The prototype treatment system that is on display is based on these findings. It works without electricity and is therefore particularly suited to first-aid treatment of cardiac arrest. The cooling pads consist of an air and water-tight, hollow-woven textile. They are linked to a metal canister containing a special mineral (Zeolith) under a vacuum. As soon as the valve between them is opened, the water in the pads is immediately cooled to almost freezing point. As a result, the patient loses a great deal of body heat very fast. In the future, these self-sustaining cooling pads will be fitted with modern mobile defibrillators (with automatic ECG analysis) and be used, for example, in public places and public transport by first-aiders who do not have specialist medical knowledge.
As a special device for immobilising limbs, The Chemnitz Textile Research Institute in Saxony (Sächsisches Textilforschungsinstitut Chemnitz -STFI) has developed a new kind of cooling sleeve. With controlled cooling, it accelerates the reduction of swellings in, for example, the elbow or the ankle, lessens the pain and can shorten the amount of time a patient must remain immobile. The cooling elements are formed with automatically controllable cooling tubes integrated in the
high-elasticity sleeve, which fits snugly to the patient’s body. This innovation is fitted under the plaster cast. Major areas of application are accident surgery as well as sports injuries and veterinary medicine.

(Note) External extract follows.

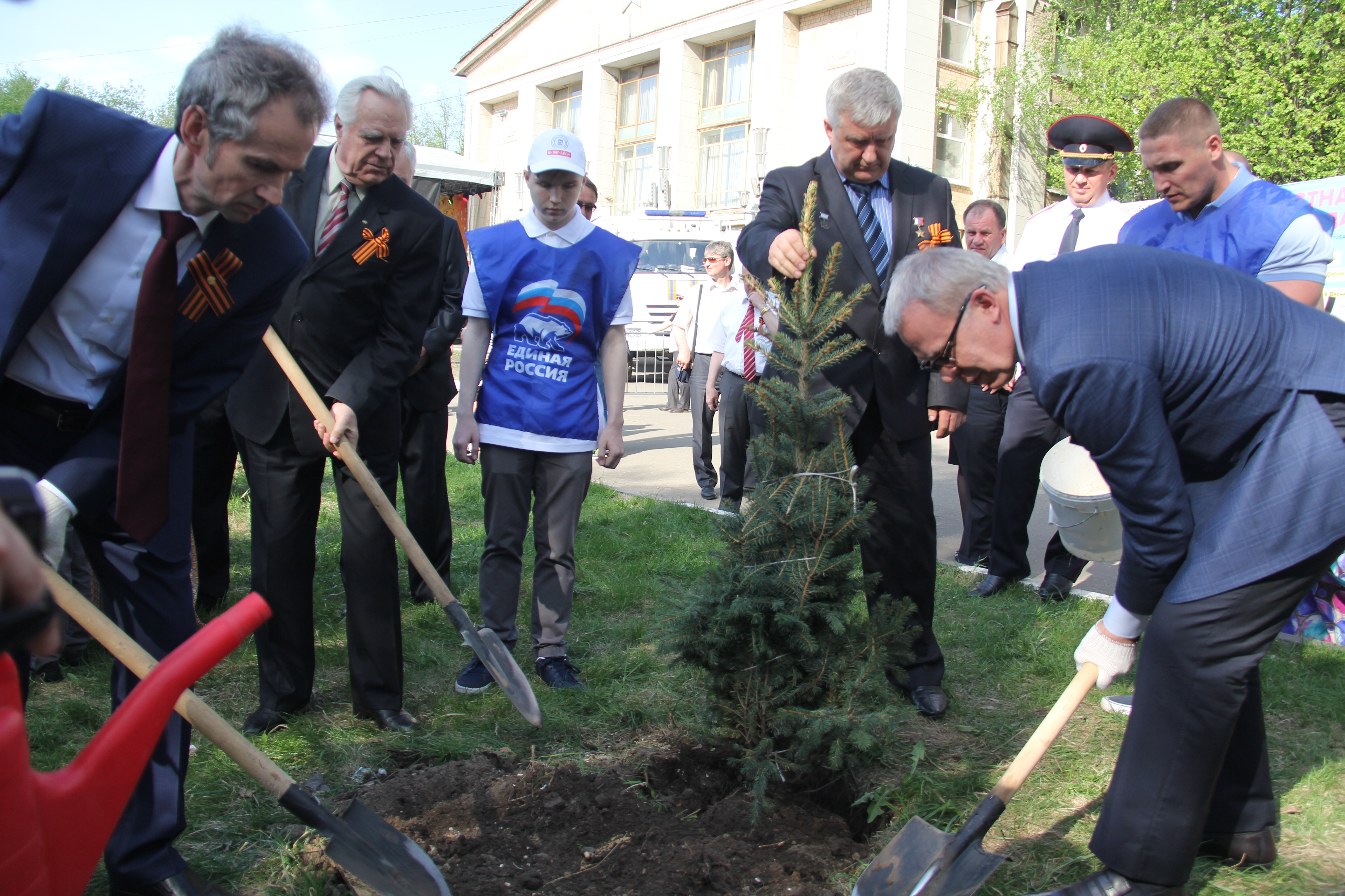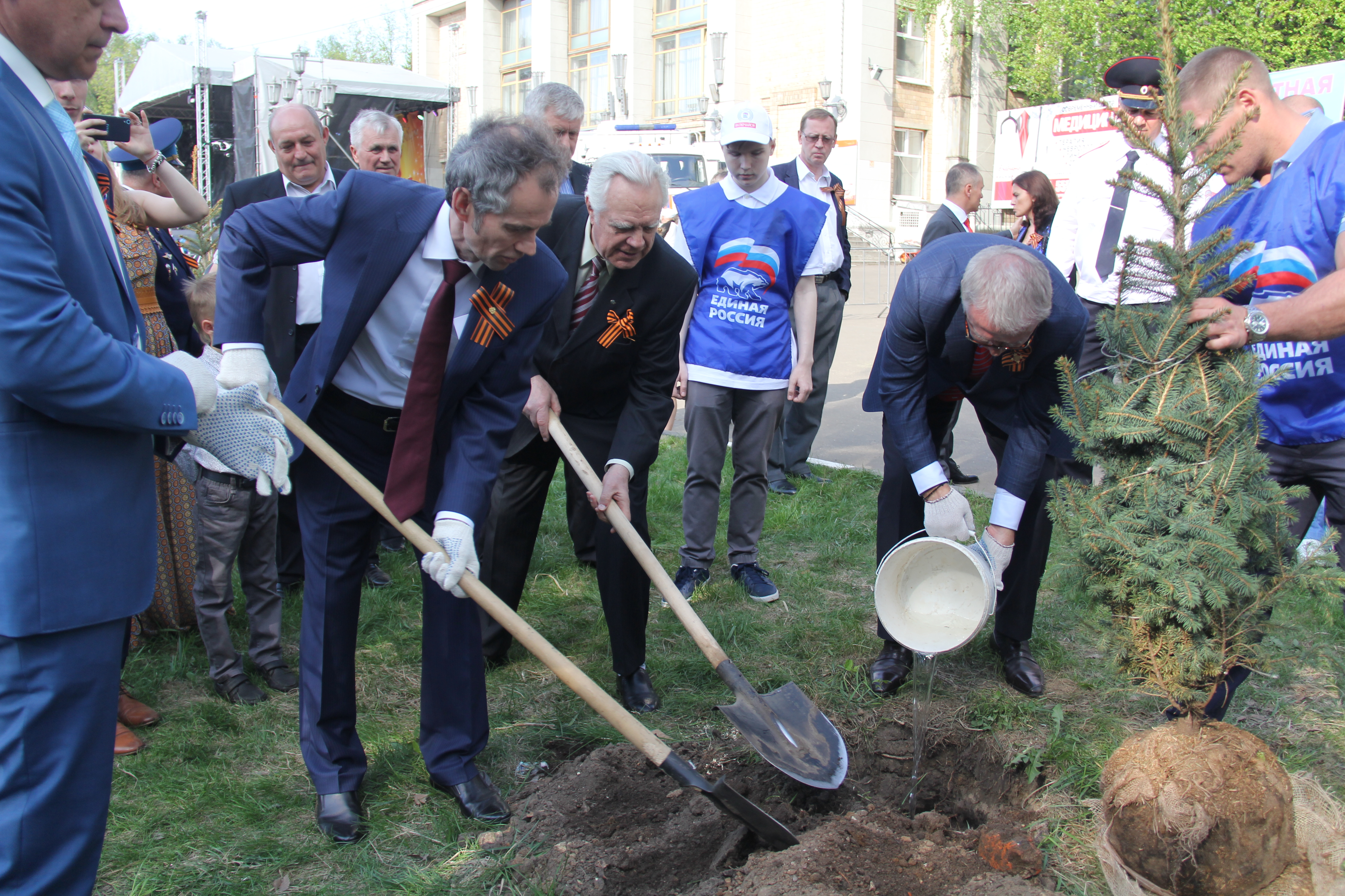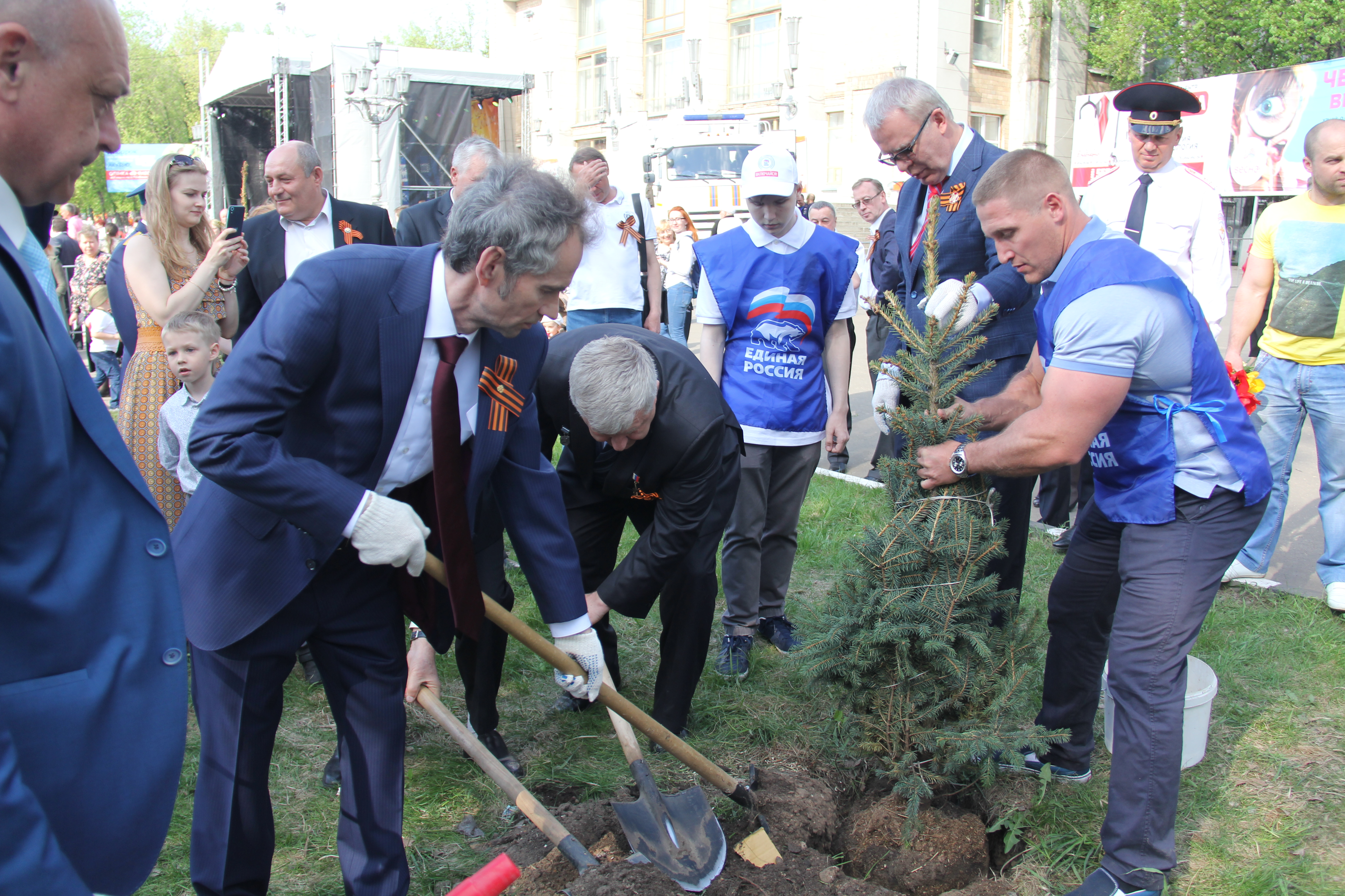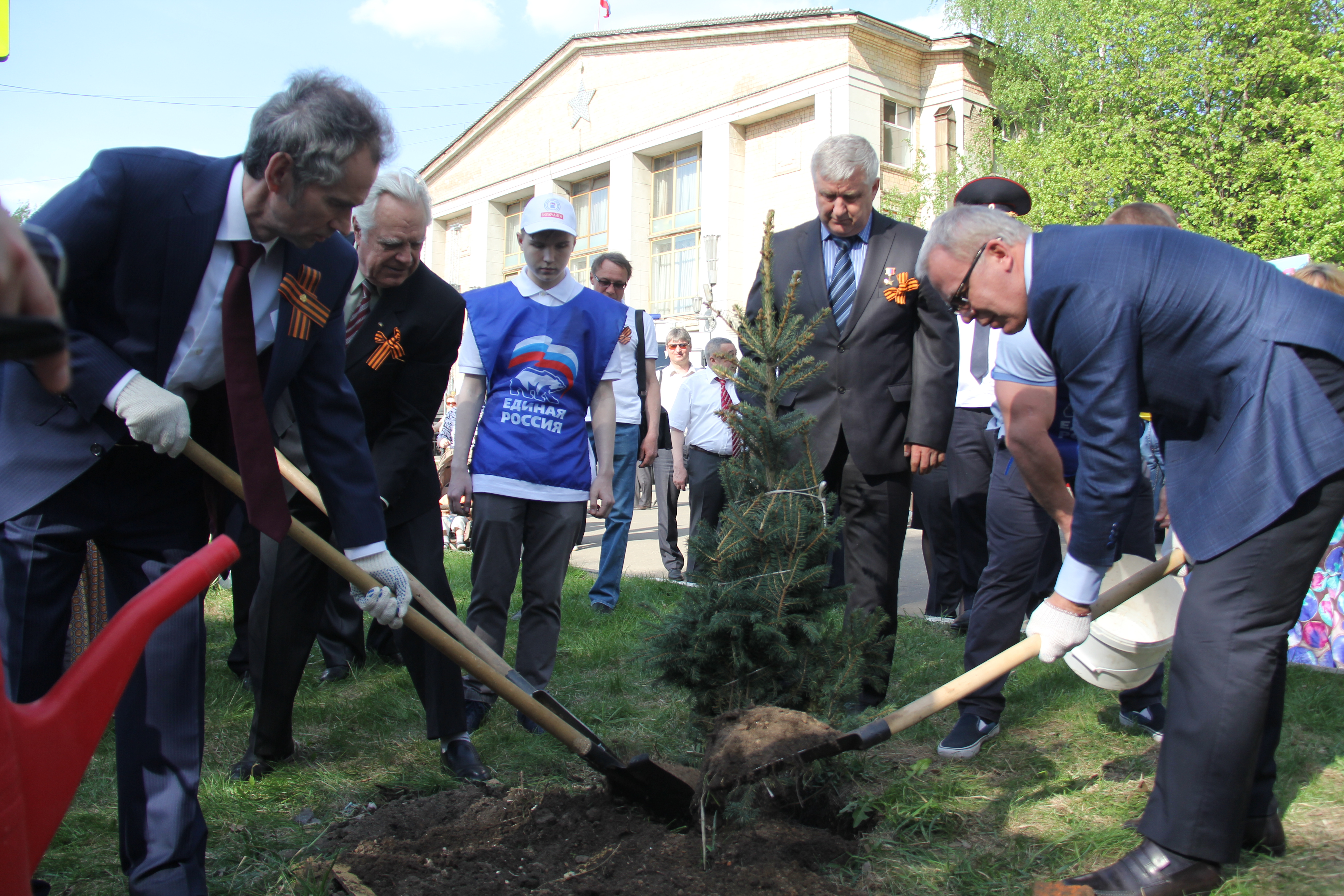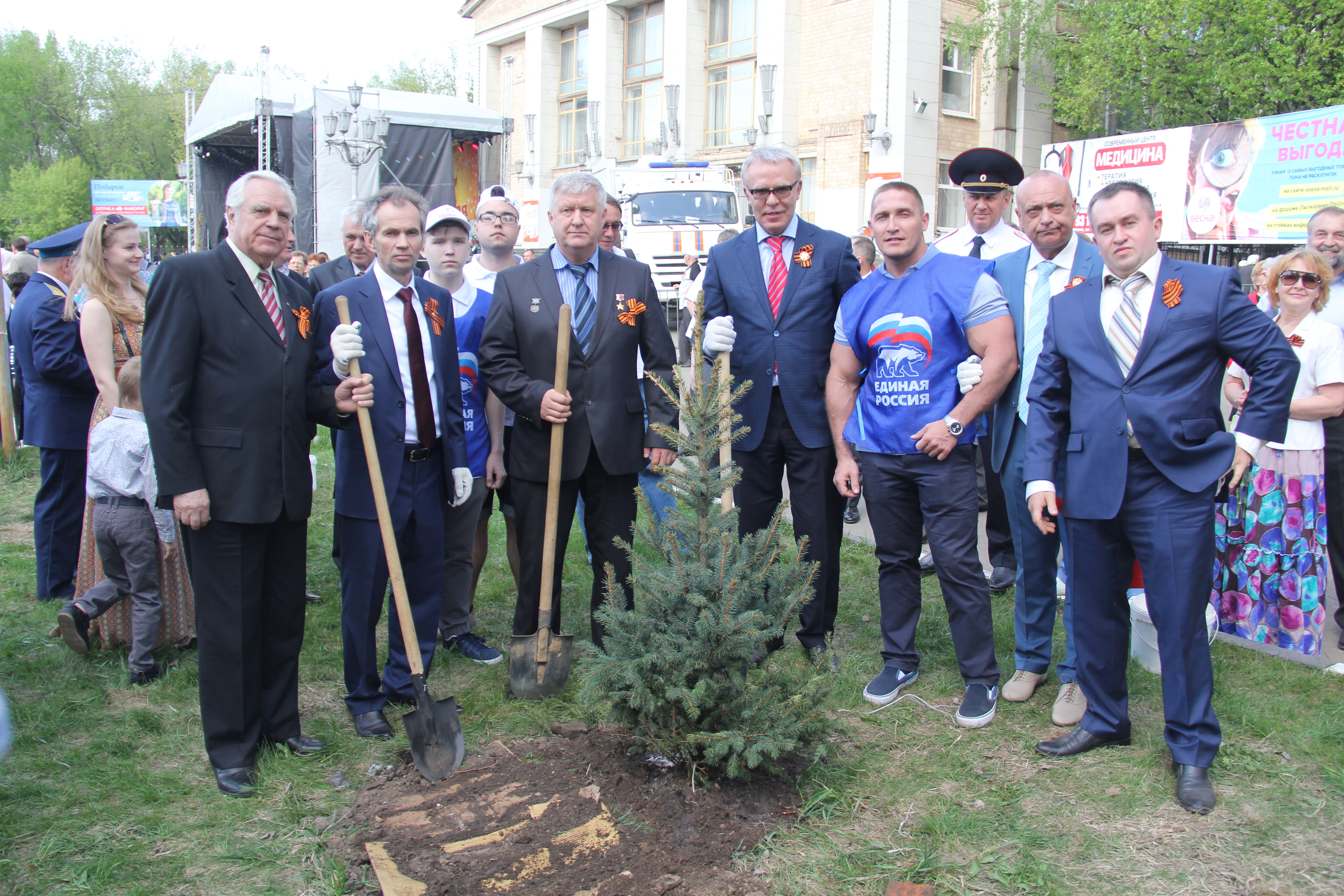 Глава города Лыткарино Евгений Серёгин и член Совета Федераций Вячеслав Фетисов дали старт областной акции «Лес Победы» в Лыткарине, посадив на центральной городской площади голубую ель.

A very promising area is being opened up by the development of a therapeutic electrical stimulus corset at the Textile Research Institute in Saxony (STFI). The one-piece body sock works rather like a lumbar bandage with appropriately designed, integrated textile surface electrodes which can directly transmit therapeutic electric shocks / signals to various treatment zones. The functions of this stimulant ‘body suit’ can be regulated individually according to the treatment objectives – in rehabilitation (e.g. orthopaedics, heart insufficiencies) in medical prevention (body training, hypertension) as well as in the field of wellness / fitness. Other medical applications such as ECG, pulse measurement etc. can be achieved with only minimal modifications.
Given the frequently time-consuming clinical studies and medical authorisations that are required, it is in the nature of the game that today’s research on medical textiles will inevitably target the needs and markets of the next decade. So it is no surprise to learn that Professor Stefan Jockenhövel of the Institute of Textile Technology at Aachen University (RWTH) sees the current Pulmo Stent Project as something which will not find application in clinical situations until the next decade. The textile stent device, which has been developed under the aegis of an EU project by experts from several countries, is intended to be a transplant for lung cancer patients. Because the stent is colonized by the patient’s own cells and thus has its own self-cleansing mechanism, it should be able to hold the bronchial tubes open longer than traditional stents. In this way, say the scientists, the narrowing of the airways should be able to be kept at bay as long as the re-growth of tumours can.